> **ASSIGNMENT**
Everything in the listing must be repeated exactly, apart from the images.

> **GIVEN DATA**
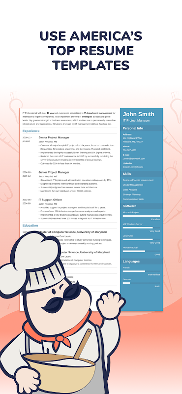 يتأكد ResumeChef من أن سيرتك الذاتية ستكون مثل طبق ذواقة مذهل. من المذهل النظر إليه، مما يجعلك ترغب في التعمق فيه على الفور ومليئًا بالجوهر. الاختلاف الرئيسي؟ أنا أستغرق وقتًا أقل بكثير لطهيها!
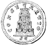 Na rewersie spotykane są też inne przedstawienia łączone z apoteozą danej postaci: świątynia, wóz pogrzebowy – carpentum (w przypadku kobiet), kwadryga lub platforma z posągiem ubóstwionego ciągnięta przez lwy lub słonie. Do konsekracyjnych zaliczane są również niektóre monety z legendą Aeternitas, przedstawiające uosobienie Wieczności z towarzyszącą postacią zmarłego.
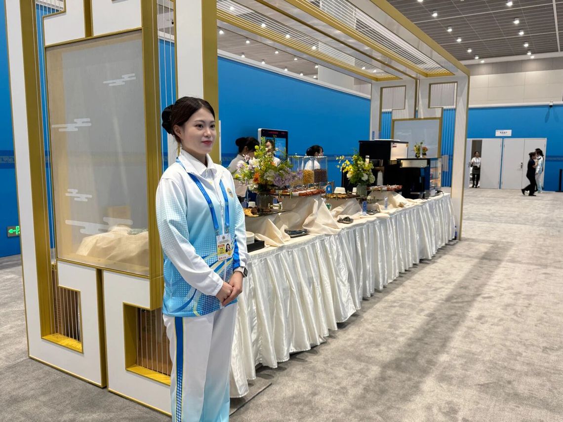“我主要负责新闻中心茶歇区的媒体餐饮服务保障工作,日常需要接待众多外媒记者。当他们有咨询或需要帮助时,我会主动用英语进行沟通交流。
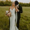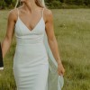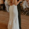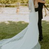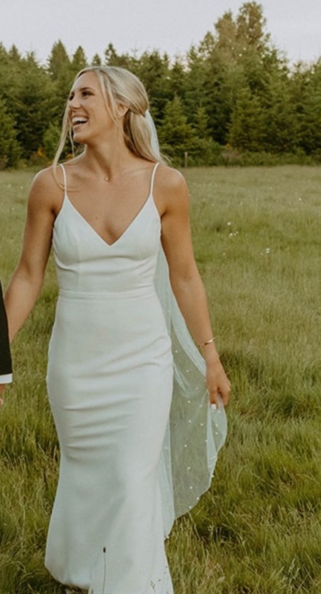 This dress is stunning! It’s a comfortable and timeless crepe material. There are the most delicate pearl details on the back. This dress features a lace overlay on the back of the dress. It almost gives the illusion of wearing your veil. I did add a bustle to the dress that made it easy to dance and move around all night. The dress was professionally cleaned. I ordered a size 8, but had some alterations. I also added in some cups for the chest which can be easily removed. People still comment on my dress and how beautiful it was!

> **THE ANSWER**
 يتأكد ResumeChef من أن سيرتك الذاتية ستكون مثل طبق ذواقة مذهل. من المذهل النظر إليه، مما يجعلك ترغب في التعمق فيه على الفور ومليئًا بالجوهر. الاختلاف الرئيسي؟ أنا أستغرق وقتًا أقل بكثير لطهيها!
 Na rewersie spotykane są też inne przedstawienia łączone z apoteozą danej postaci: świątynia, wóz pogrzebowy – carpentum (w przypadku kobiet), kwadryga lub platforma z posągiem ubóstwionego ciągnięta przez lwy lub słonie. Do konsekracyjnych zaliczane są również niektóre monety z legendą Aeternitas, przedstawiające uosobienie Wieczności z towarzyszącą postacią zmarłego.
“我主要负责新闻中心茶歇区的媒体餐饮服务保障工作,日常需要接待众多外媒记者。当他们有咨询或需要帮助时,我会主动用英语进行沟通交流。
 This dress is stunning! It’s a comfortable and timeless crepe material. There are the most delicate pearl details on the back. This dress features a lace overlay on the back of the dress. It almost gives the illusion of wearing your veil. I did add a bustle to the dress that made it easy to dance and move around all night. The dress was professionally cleaned. I ordered a size 8, but had some alterations. I also added in some cups for the chest which can be easily removed. People still comment on my dress and how beautiful it was!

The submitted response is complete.